Das ist nur der Fall, wenn man nicht weiß, was man tut.
In diesem Fall sollte man allerdings von vornherein keine Webanwendungen hosten.
Die korrekte Anpassung von Benutzer- und Gruppenrechten ist Aufgabe eines jeden Systemadministrators.

Und woher soll man wissen, ob man wirklich weiss, was man tut? Oftmals sind es ja ausgerechnet die Profis, die am unsichersten arbeiten, weil sie "ja schliesslich genau wissen", was sie tun und sie das "früher auch immer so gemacht" haben und "noch nie etwas passiert" ist.

Und wenn du Nutzer X zur Gruppe Y hinzufügst: Auch Firefox läuft mit den Rechten von Benutzer X. Heisst aber nicht, dass Firefox die Dinge nur mit Wissen und Willen des menschlichen Benutzers tut.

schard schrieb:
Gerry_Ghetto schrieb:

Und falls du den .git Ordner über den Browser aufrufen kannst, dann hast du jetzt auch schon ein Problem.

Nur, wenn man diesen nicht hosten wollte.
Da wir in unserer Firma Rolling Release betrieben, checken wir auch Git-Repos direkt ins Webroot aus.
Dies erleichtert in unserem Fall das kontinuierliche Deployment.
Die .git* Dateien und Ordner haben wir allerdings per Webserver-Konfiguration gesperrt.
Alles kein Thema, wenn man weiß, was man da tut.

Das eigentliche Problem beim ungewollten Hosten von Git-Repos ist ja nicht das man an den Quelltext kommt, was ja zumindest bei Backend-Programmen nicht unbedingt gewollt ist, sondern dass einige 1D1073N Credentials (Benutzername / Passwort / private Schlüssel) in den Quelltext hardcoden, welche dann von jedermann abrufbar sind.
Wer Code und Konfiguration sauber trennt, läuft allerdings erst gar nicht in dieses Problem.

Ich sehe in den allermeisten Fällen keinen Grund, warum man .git im Wurzelverzeichnis vom Webserver haben, geschweige denn hosten wollen würde.
Und in den wenigen Fällen, in denen es vielleicht Sinn macht, müsste und sollte man ein detailliertes Schutzkonzept haben, das auch häufig überprüft wird.
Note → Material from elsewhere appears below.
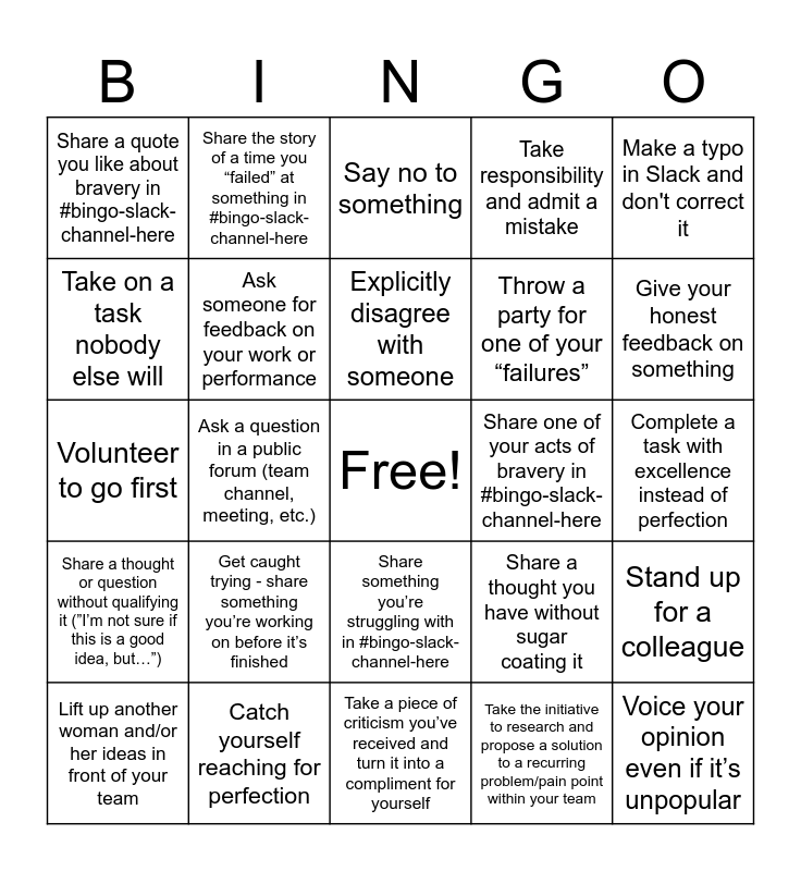 This bingo card has a free space and 33 words: Share a thought in a meeting when you normally wouldn't, Share a suggestion even if you’re not 100% sure it’s the “best” suggestion, Ask a question in a public forum (team channel, meeting, etc.), Lead a thing (tech talk, lightning talk, group discussion, etc.), Share a thought or question without qualifying it (”I’m not sure if this is a good idea, but…”), Ask someone for feedback on your work or performance, Make a typo in Slack and don't correct it, Lift up another woman and/or her ideas in front of your team, Share the story of a time you “failed” at something in #bingo-slack-channel-here, Do something you’re not “good" at, Explicitly disagree with someone, Say no to something, Brag about yourself or one of your accomplishments in #bingo-slack-channel-here, Brag about another woman in #bingo-slack-channel-here, Share one of your acts of bravery in #bingo-slack-channel-here, Give your honest feedback on something, Catch yourself reaching for perfection, Volunteer to go first, Get caught trying - share something you’re working on before it’s finished, Share a thought you have without sugar coating it, Share something you’re struggling with in #bingo-slack-channel-here, Take one of your “failures” and put a positive spin on it!, Share a quote you like about bravery in #bingo-slack-channel-here, Complete a task with excellence instead of perfection, Take a piece of criticism you’ve received and turn it into a compliment for yourself, Voice your opinion even if it’s unpopular, Take responsibility and admit a mistake, Throw a party for one of your “failures”, Take on a task nobody else will, Stand up for a colleague, Participate in a training session or professional development opportunity, Take the initiative to research and propose a solution to a recurring problem/pain point within your team and Share a helpful tip or resource in a public forum.
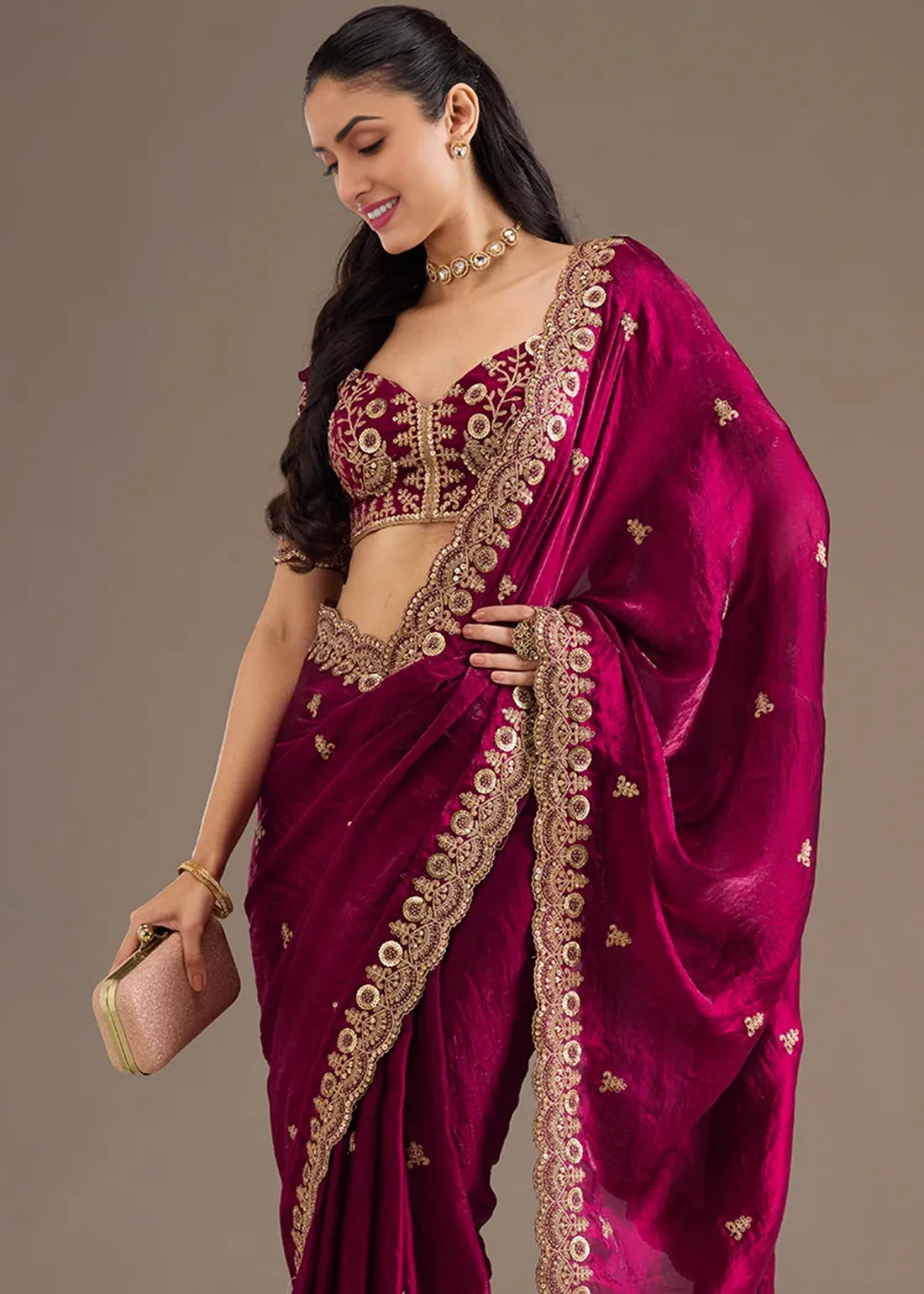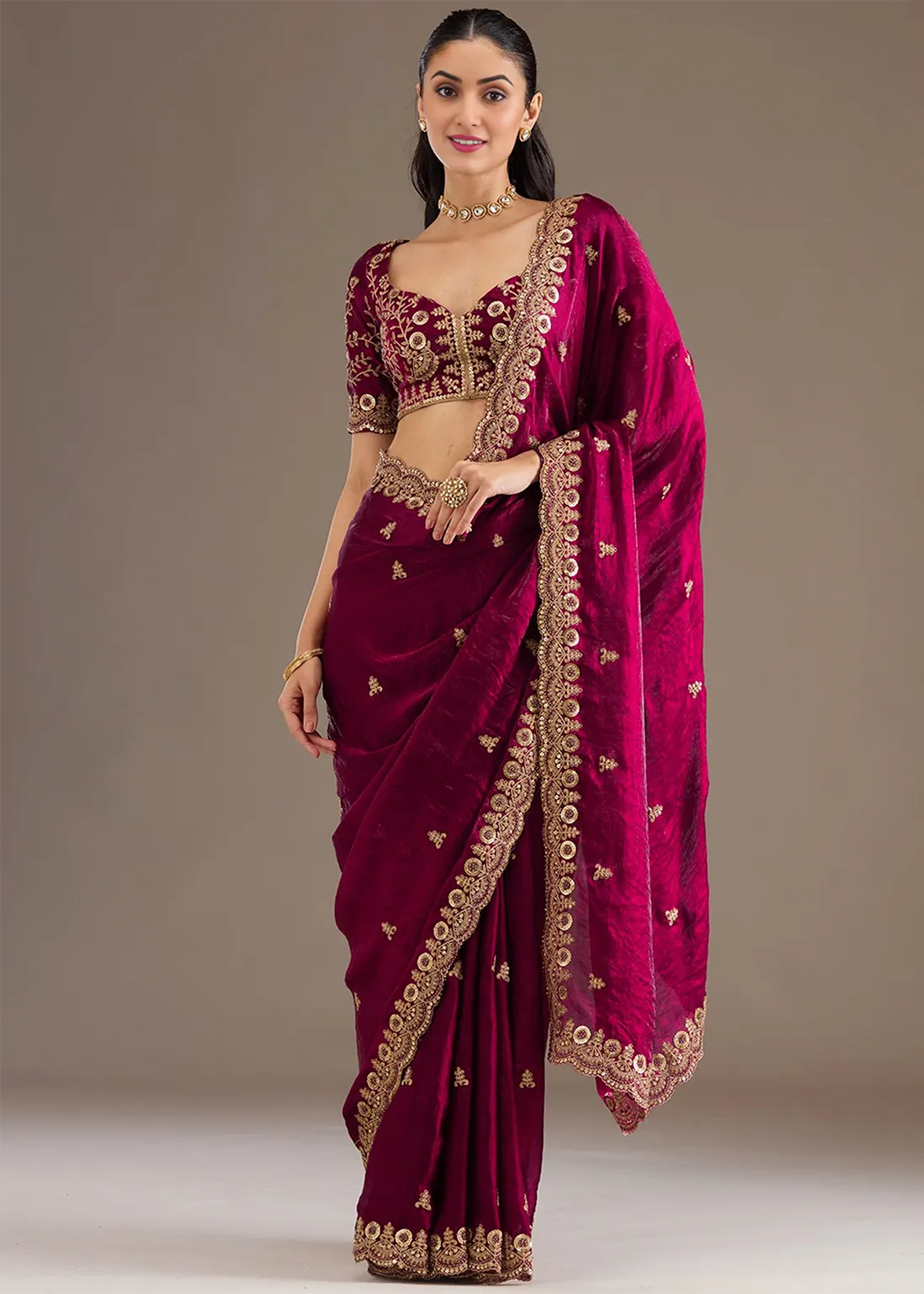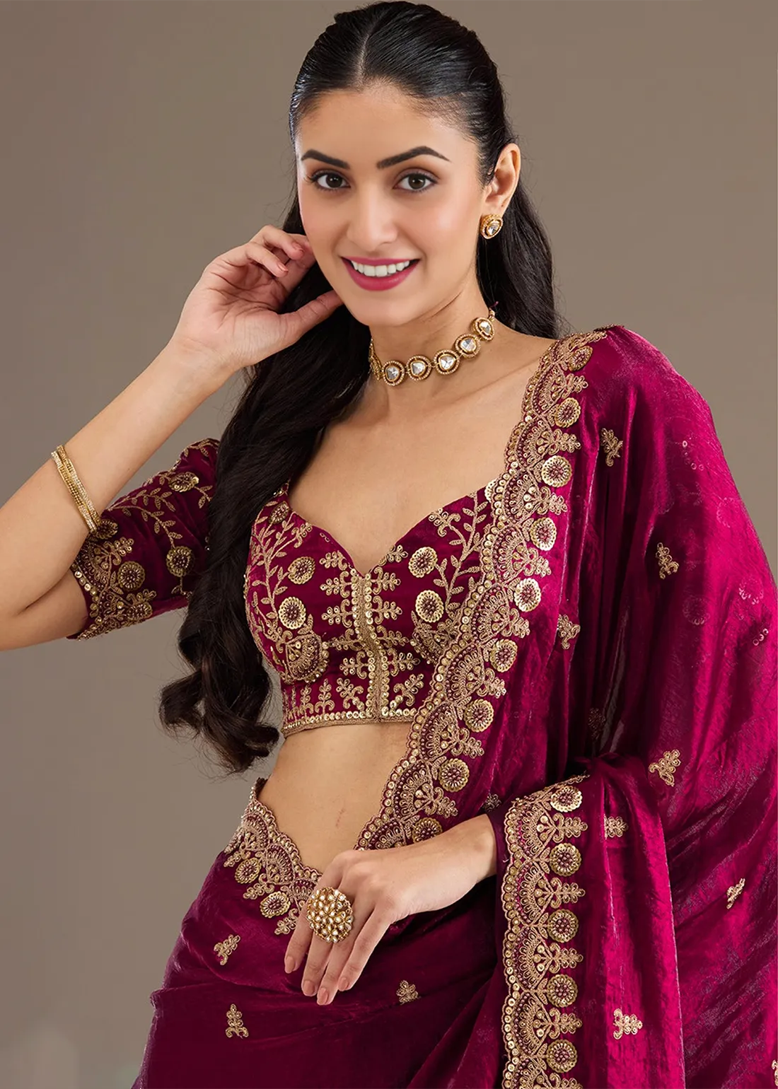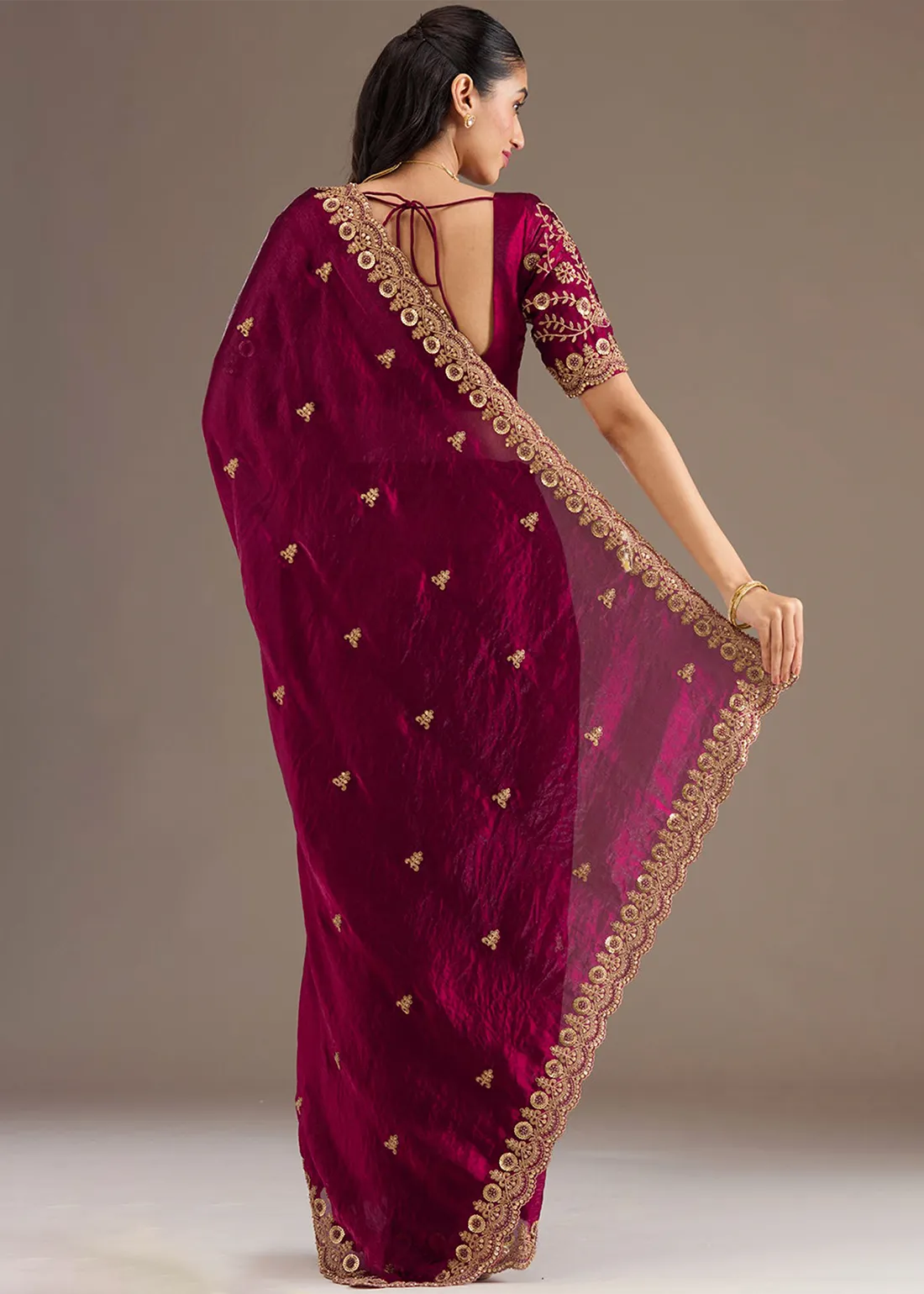 Magenta Embroidered Crushed Silk Saree with Embroidered Blouse

Ausser man möchte die Werbewirksamkeit erhöhen, indem das eine oder andere News-Portal früher oder später mal über die Firma berichtet.

In den Fällen, in denen man Git als Deployment-Ersatz nutzen möchte, würde ich empfehlen, dass lediglich ein Unterordner vom Repository als Wurzelverzeichnis des Webservers dient.
Grundsätzlich bin ich der Meinung, dass ins Wurzelverzeichnis des Webservers nur Dateien hingehören, die der Webserver auch tatsächlich braucht.

Auch wenn ich jetzt viel geschrieben habe: Ich bin kein Webentwickler und auch kein Administrator von Webservern. Es kann also gut sein, dass ich etwas falsches geschrieben habe.